=== Task input ===
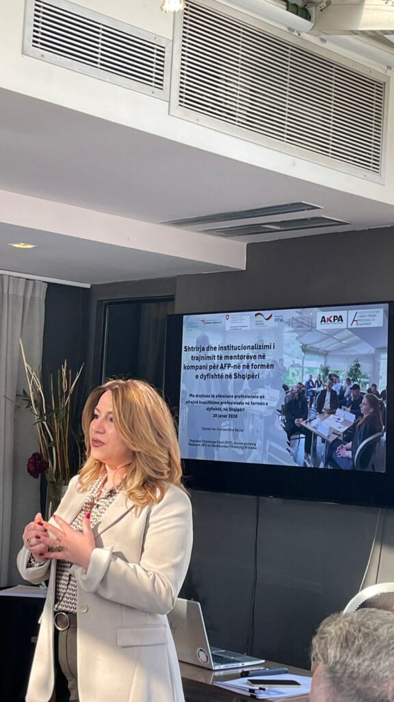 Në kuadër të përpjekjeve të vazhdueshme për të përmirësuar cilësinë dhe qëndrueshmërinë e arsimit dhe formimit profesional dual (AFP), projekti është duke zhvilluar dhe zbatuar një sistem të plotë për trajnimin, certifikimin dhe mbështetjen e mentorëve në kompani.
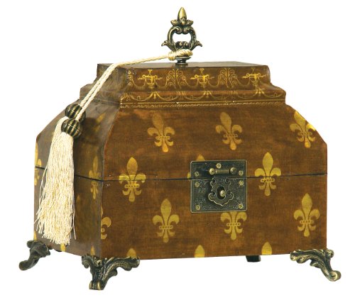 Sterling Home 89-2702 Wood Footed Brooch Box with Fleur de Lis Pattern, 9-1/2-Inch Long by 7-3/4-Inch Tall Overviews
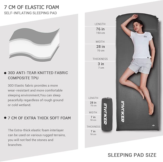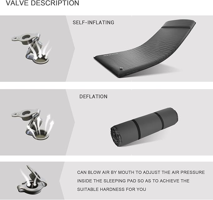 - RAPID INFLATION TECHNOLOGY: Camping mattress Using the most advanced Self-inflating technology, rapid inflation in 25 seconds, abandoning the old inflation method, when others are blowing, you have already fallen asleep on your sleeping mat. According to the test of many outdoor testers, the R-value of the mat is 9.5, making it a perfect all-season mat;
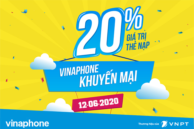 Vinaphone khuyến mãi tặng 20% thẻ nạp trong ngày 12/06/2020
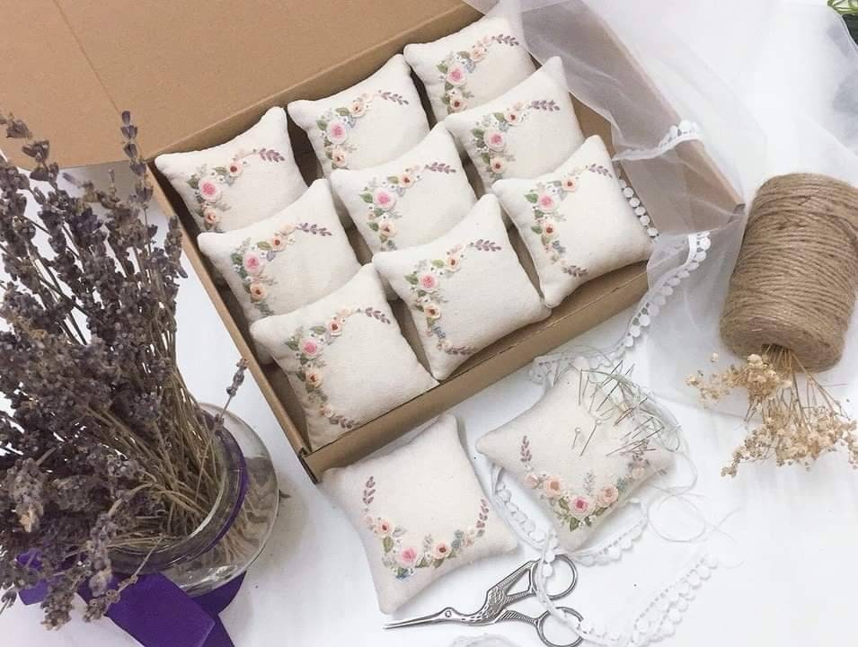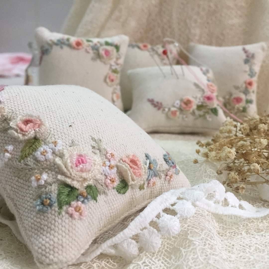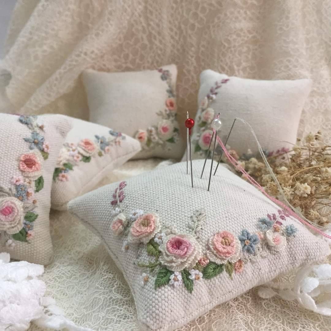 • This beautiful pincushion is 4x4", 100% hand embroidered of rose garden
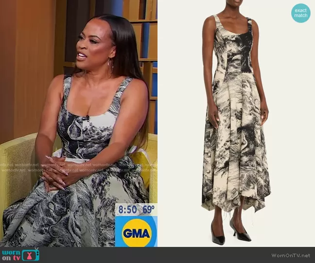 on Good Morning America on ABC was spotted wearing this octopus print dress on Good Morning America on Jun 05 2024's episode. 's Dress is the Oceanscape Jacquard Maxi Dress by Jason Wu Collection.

=== Activity ===
Transcribe the material exactly, and leave out whatever pictures it holds.

=== Output for this task ===
 Në kuadër të përpjekjeve të vazhdueshme për të përmirësuar cilësinë dhe qëndrueshmërinë e arsimit dhe formimit profesional dual (AFP), projekti është duke zhvilluar dhe zbatuar një sistem të plotë për trajnimin, certifikimin dhe mbështetjen e mentorëve në kompani.
 Sterling Home 89-2702 Wood Footed Brooch Box with Fleur de Lis Pattern, 9-1/2-Inch Long by 7-3/4-Inch Tall Overviews
 - RAPID INFLATION TECHNOLOGY: Camping mattress Using the most advanced Self-inflating technology, rapid inflation in 25 seconds, abandoning the old inflation method, when others are blowing, you have already fallen asleep on your sleeping mat. According to the test of many outdoor testers, the R-value of the mat is 9.5, making it a perfect all-season mat;
 Vinaphone khuyến mãi tặng 20% thẻ nạp trong ngày 12/06/2020
 • This beautiful pincushion is 4x4", 100% hand embroidered of rose garden
 on Good Morning America on ABC was spotted wearing this octopus print dress on Good Morning America on Jun 05 2024's episode. 's Dress is the Oceanscape Jacquard Maxi Dress by Jason Wu Collection.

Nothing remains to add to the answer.